• **WORK ORDER**:
The answer is the line with "交易策略:在59.00之上看涨,目标60.00     62.00" and every line after it to the end of the listing, retyped exactly. Pictures do not belong in it.

• **DATA BELOW**:
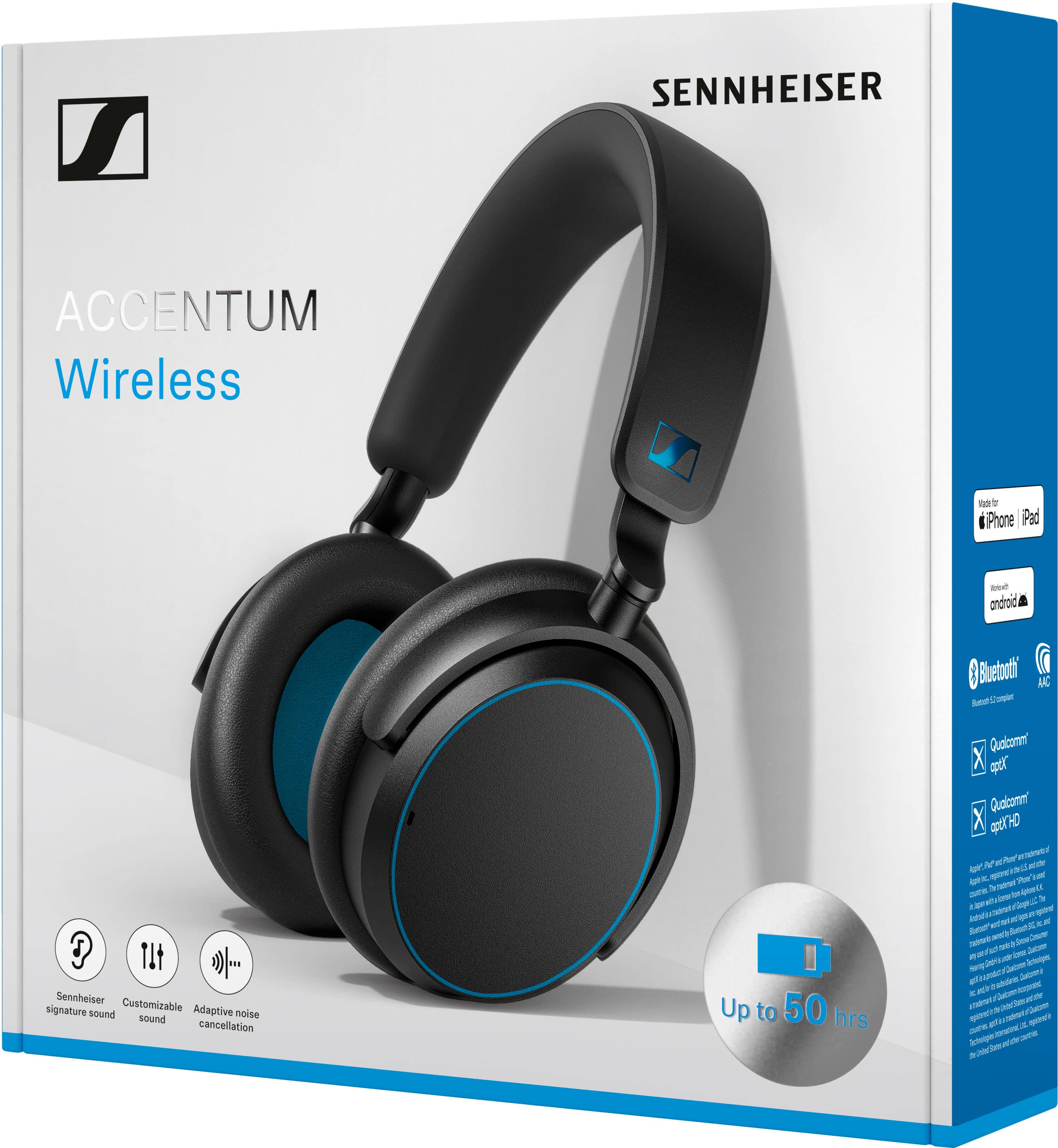 No matter how fast life moves, you can take it all with ACCENTUM Wireless – the perfect, on-the-go headphone for every journey. Experience high-quality, take-anywhere wireless audio with an unrivaled 50-hour battery playtime and hybrid ANC for distraction-free enjoyment throughout your day. ACCENTUM’s listening experience is elevated by the captivating, high-quality sound delivered by Sennheiser’s meticulously engineered transducer system. This fantastic audio can be personalized with sound modes, including Bass Boost or Podcast mode, or precisely tailored via the built-in 5 Band equalizer. Take on any environment without distraction with the hybrid ANC, which lets you listen on your terms, even in busy outdoor environments or crowded places. Need to hear your surroundings without removing your headphones? Transparency mode lets in external sounds at a touch. ACCENTUM gives you fuss-free, everyday simplicity and effortless ease of use. Control is direct and intuitive, with dedicated buttons and one-touch voice assistant access. From your morning commute to your late-night chillout, ACCENTUM keeps you incredibly comfortable thanks to its lightweight, ergonomic design and soft-touch headband. Thanks to robust Sennheiser build quality, fold-flat design for easy portability and fast USB-C charging, it’s ready for every day’s adventures.
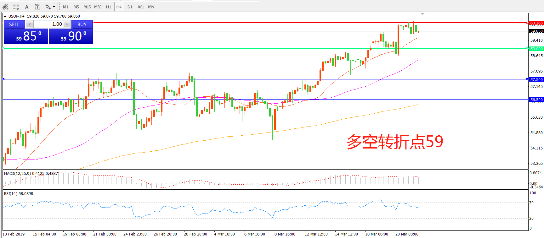 交易策略:在59.00之上看涨,目标60.00     62.00
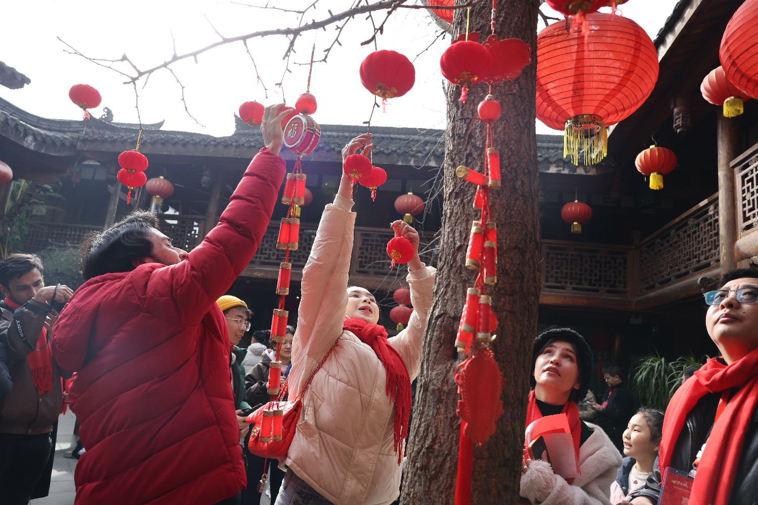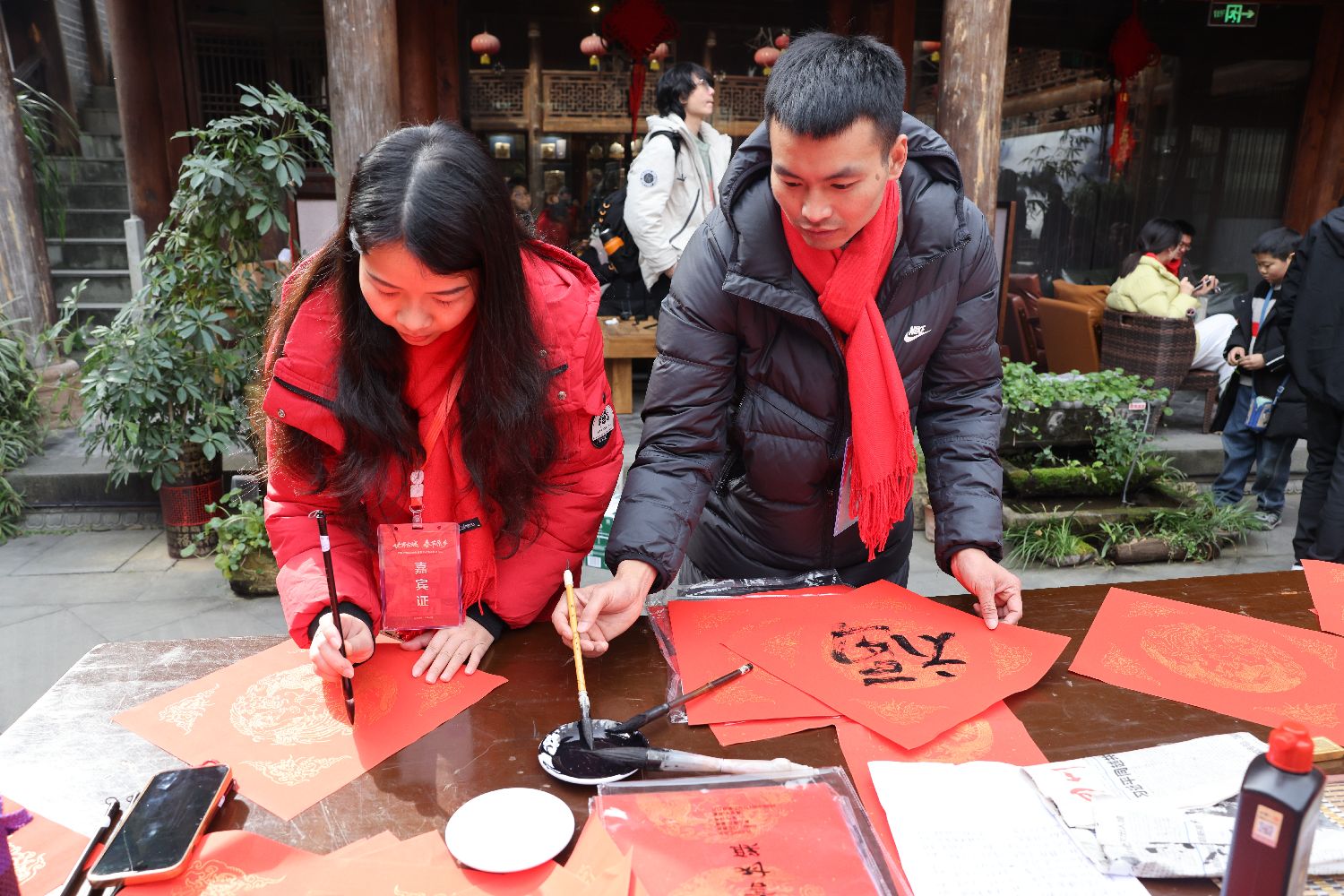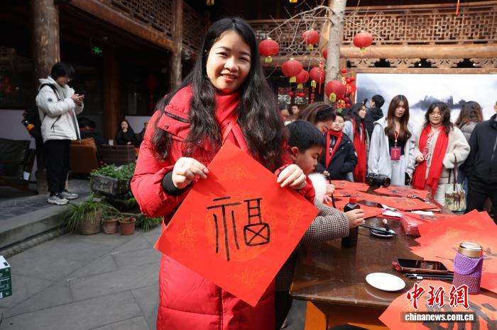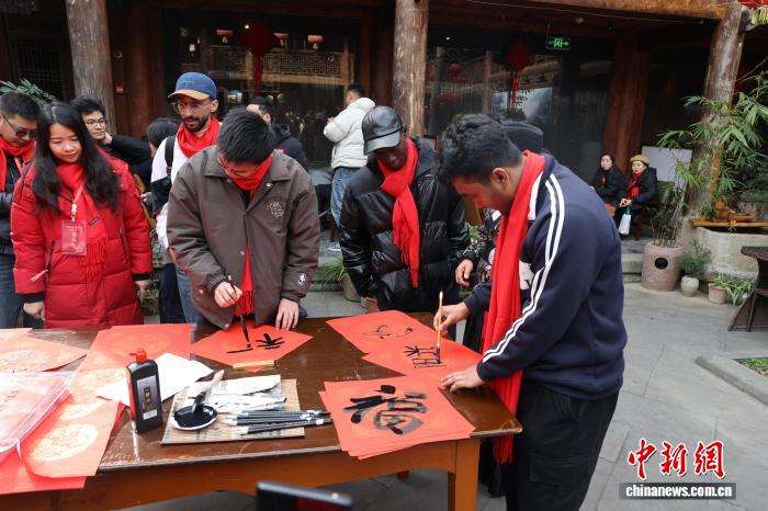 1月26日,在四川阆中举行的2026阆中古城过大年春节文化系列活动中,一群来自西华师范大学的外籍留学生在古城内通过贴春联、写“福”字、挂灯笼等,体验中国春节文化。图为留学生学写“福”字。中新社

• **REPLY**:
 交易策略:在59.00之上看涨,目标60.00     62.00
 1月26日,在四川阆中举行的2026阆中古城过大年春节文化系列活动中,一群来自西华师范大学的外籍留学生在古城内通过贴春联、写“福”字、挂灯笼等,体验中国春节文化。图为留学生学写“福”字。中新社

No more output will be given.